Были русские сборники, которые назывались «Палеи», – в них вписывались мифы: библейские, греческие, еврейские из Талмуда.

В тех книгах полемизировали монахи-книжники с евреями и мусульманами и всегда договаривались до ереси.

У нас в старину были и секты жидовствующих и еретики дуалистических толков: сказались они в легендах о «Соломоне и Китоврасе». Часть этих историй разобрана была Александром Николаевичем Веселовским, их можно найти в восьмом томе собрания сочинений под названием «Славянские сказания о Соломоне и Китоврасе».

Оказывалось, что эти сказания связаны со старыми рыцарскими романами – самыми древними, с легендами о Мервине и святом Граале.

Китоврас – это кентавр. Кентавр по мудрости равен Соломону. Он принимал участие в постройке Иерусалимского храма и был добр, но такова его натура, что ему приходилось всегда идти прямо, даже по кривым улицам, разрушая при этом здания. Однажды вдовица попросила его не разрушать ее дома. Китоврас попробовал обойти домик и сломал ребра и сказал: «мягкое слово – кости ломит». На вратах Софиевского собора в Новгороде изображена следующая картина: «На первом поле исполинская крылатая фигура Кентавра-Китовраса держит в одной руке небольшую фигуру в зубчатой короне, очевидно, Соломона, которого он собирается забросить»[153] .

Искусство часто мыслит сопоставлениями.

Роман Апдайка – одна из попыток, так сказать, двойственного, симфонического изображения действительности, очеловечивание обычного, сказочно-героического.

В середине романа на четырех страницах дан развернутый «реальный некролог» замученного преподавателя, совершающего мелкие дела, добрые и ничтожные. Приведу кусок из конца некролога:

«Наряду с серьезной нагрузкой сверх учебной программы – обязанностями тренера нашей славной команды пловцов, распределением билетов на все футбольные, баскетбольные, легкоатлетические и бейсбольные состязания, а также руководством кружком связистов – мистер Колдуэлл нес на себе гигантское бремя общественной деятельности. Он был секретарем олинджерского клуба «Толкачей», консультантом двенадцатой группы бойскаутов, членом комитета по реализации предложения о создании городского парка, вице-президентом клуба «Львов» и председателем клубной комиссии по ежегодной распродаже электрических лампочек в пользу слепых детей».

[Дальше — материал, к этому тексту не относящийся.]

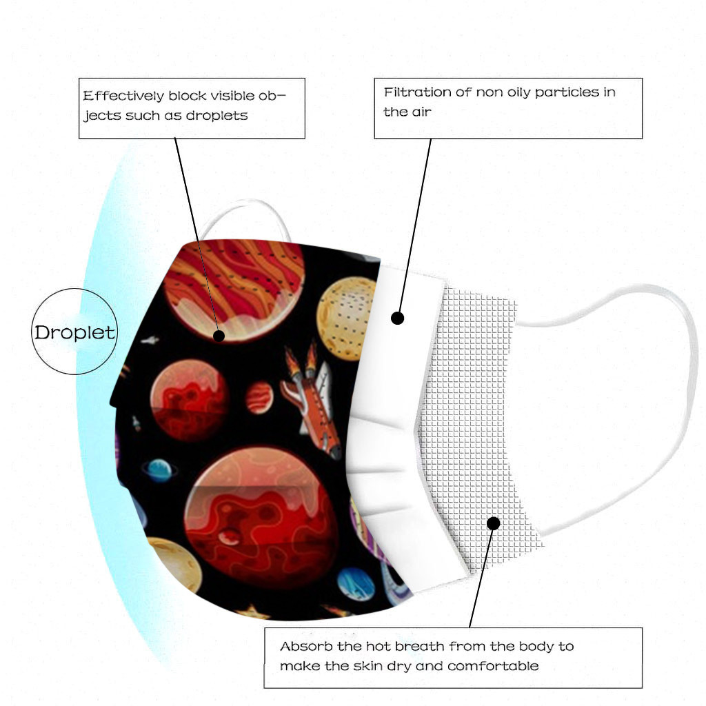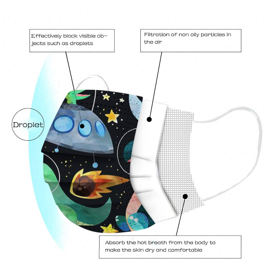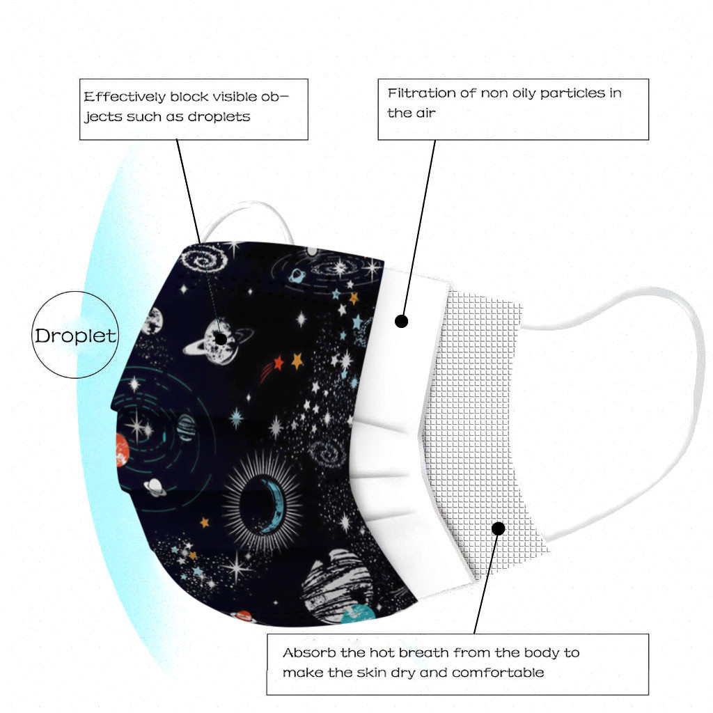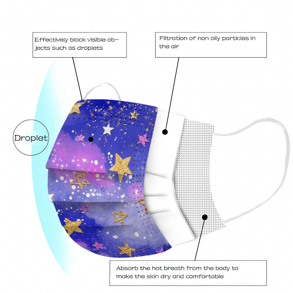The 3 ply non-woven disposable mask is made of 3 ply non-woven material, it is healthy and safe for you to use. Breathable material and cute patterns, which makes it useful and fashionable. Special 3 ply non-woven design, provides some protections against dust, automobile exhaust, pollen, etc. Elastic ear loop, easy to wear and no pressure to the ears. nail salon or any other areas where protection might be required

Человек и в этом американском романе остается непознанным, как бы не уместившимся в страницы: человек пародийно обыденный нарочито не совмещается в героической иронии романа.

Замученный Кентавр гибнет на шоссе рядом со сломанным автомобилем «бьюик», среди бездушного пейзажа: «Хирон подошел к краю плато; его копыто скребнуло известняк. Круглый белый камешек со стуком скатился в пропасть. Кентавр возвел глаза к голубому своду и понял, что ему и в самом деле предстоит сделать великий шаг. Да, поистине великий шаг, к которому он не подготовился за всю свою полную скитаний жизнь. Нелегкий шаг, нелегкий путь, потребуется целая вечность, чтобы пройти его до конца, как вечно падает наковальня. Его истерзанные внутренности расслабли; раненая нога нестерпимо болела; голова стала невесомой. Белизна известняка пронзала глаза. На краю обрыва легкий ветерок овеял его лицо. Его воля, безупречный алмаз, под давлением абсолютного страха исторгла из себя последнее слово. Сейчас».

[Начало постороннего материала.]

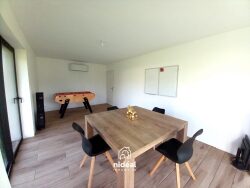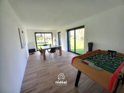 À découvrir sans tarder ! Bien rare sur le secteur, cette maison est idéale pour une grande famille ou une famille recomposée grâce à ses 8 chambres. Maison individuelle de 291 m², au style atypique (par sa construction), construite en 2024 et bénéficiant des garanties décennales. Au rez-de-chaussée, vous trouverez une vaste entrée avec WC indépendant, un spacieux salon-séjour d'environ 70 m² avec cuisine aménagée et équipée, une salle de jeux (pouvant être aménagée en chambre supplémentaire), ainsi qu'un cellier/buanderie. À l'étage, un palier et plusieurs dégagements desservent 8 grandes chambres (dont une avec balcon), une salle de bains, une salle d'eau et un WC indépendant. La maison dispose également d'un garage compartimenté d'environ 30 m², idéal pour le stockage. Prestations de qualité : double vitrage aluminium, volets roulants électriques et chauffage par pompe à chaleur, assurant un confort optimal en toutes saisons.

К этому месту дана сноска на греческом языке:

«Страдая от неисцелимой раны в лодыжке, он удаляется в пещеру и там хочет умереть, но не может, потому что он бессмертен. Тогда он предлагает Зевсу вместо Прометея себя и, хотя его ожидало бессмертие, оканчивает так свою жизнь». Из Аполлодора Афинского (греческого писателя 2 в. до н. э.).

«Хирон принял смерть».

Читая роман Джона Апдайка, я вспоминал, что сопоставление нескольких линий – обычное явление в искусстве. Событийное обоснование сопоставлений обычно (но не всегда) дается.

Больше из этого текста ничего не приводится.